Icha menabrak Audy dan berlari kembali ke ruangan itu.
"Gawat," ucap Felly.
"Kita harus hentikan wanita itu," ucap Audy.
Mereka mengangguk kompak dan segera menyusul Icha.
Tapi sayang mereka terlambat, Icha telah lebih dulu memasuki ruangan tadi.
"Habislah sudah, Jessi pasti akan ngamuk sama kita." ucap Audy.
Mereka mengangguk setuju, itu sudah pasti, karena Jessi pasti merasa terganggu oleh kedatangan Icha.
"Tapi harus bagaimana, kalau kita ikut masuk, akan lebih salah lagi."
"Kamu benar, Fel."
Audy setuju dengan apa yang dikatakan Felly, sekarang mereka hanya bisa pasrah saja dengan amarah Jessi nantinya.

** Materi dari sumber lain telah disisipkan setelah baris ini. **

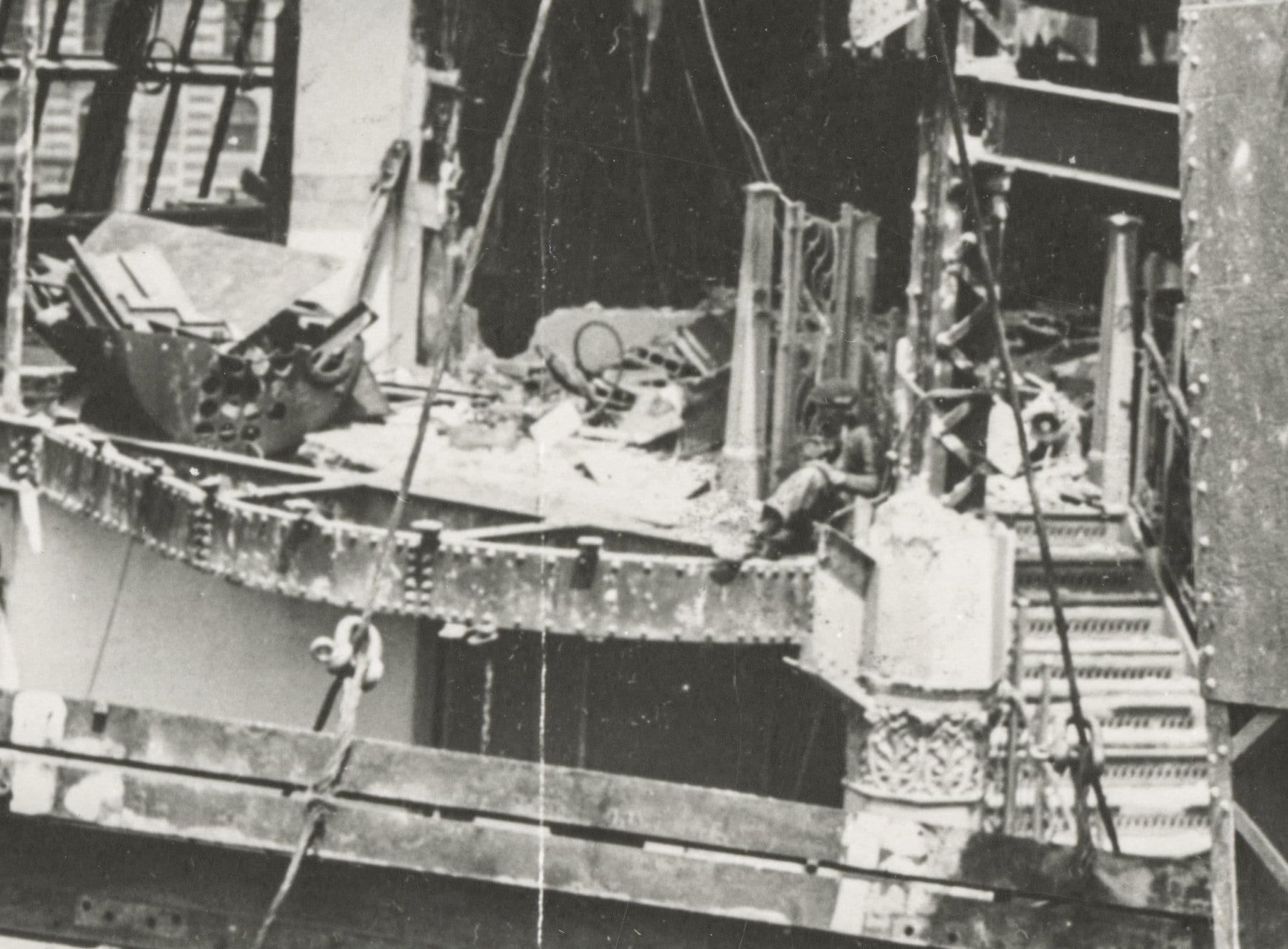 a seldom seen photo of burnham and root’s masonic temple building (1892) undergoing demolition in 1939. judging from what’s left of john wellborn root’s ornamental staircase (note the brown brothers company glass vault lights in the risers) and supporting columns from the sky-lit central court, the ornamental iron – executed by winslow brothers – was no doubt smashed, torched, and tossed into scrap heaps. horrifying.
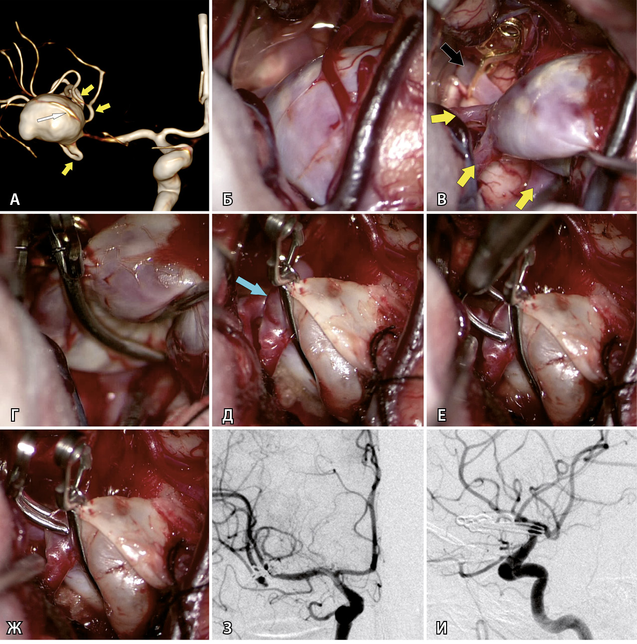 Рис. 1. Клипирование гигантской аневризмы средней мозговой артерии (СМА) справа у пациентки Г., 59 л. А – при компьютерной томографической ангиографии определяется гигантская аневризма трифуркации СМА справа (желтыми стрелками указаны три М2-ветви СМА справа, белой стрелкой указана припаянная к телу аневризмы передняя височная артерия). Б – интраоперационное фото: отмечается выступающее в сильвиеву щель тело аневризмы СМА справа. В – после наложения временной клипсы на М1-сегмент справа (указан черной стрелкой) мешок аневризмы релаксировал, что позволило выделить и визуализировать три М2-ветви (указаны желтыми стрелками). Г – длинная изогнутая клипса наложена на шейку аневризмы. Д – после клипирования наблюдается небольшой остаточный участок шейки аневризмы (указан стрелкой) у теменного М2-сегмента. Е – наложение на остаточный участок шейки аневризмы маленькой изогнутой клипсы. Ж – результат клипирования шейки аневризмы двумя клипсами. З – контрольная церебральная ангиография в прямой проекции. И – контрольная церебральная ангиография в боковой проекции

Icha melihat sekitar, tidak ada Jessi dan dokter itu di sana, kemana mereka bukankah tadi Icha melihat mereka masuk lagi.
"Lupakan pasien mu itu."
Langkah Icha seketika terhenti saat mendengar suara Jessi, mereka ada dibalik tirai itu, apa yang mereka lakukan di sana.
Icha hendak membuka tirai itu, tapi urung karena Icha melihat jas dokter itu yang terjatuh di lantai.
"Ini bisa nanti saja, Jessi."
"Aku tidak akan ada waktu nanti, jadi sekarang saja, aku bayar lunas."
Icha mengernyit, apa maksudnya, apa itu pembahasan tentang biaya pemeriksaan Icha tadi.
Padahal Icha sudah akan membayarnya, tapi kenapa dokter itu menolaknya, sedangkan dari Jessi dia mau menerimanya.
"Ssss aah .... hangat sekali, Jess."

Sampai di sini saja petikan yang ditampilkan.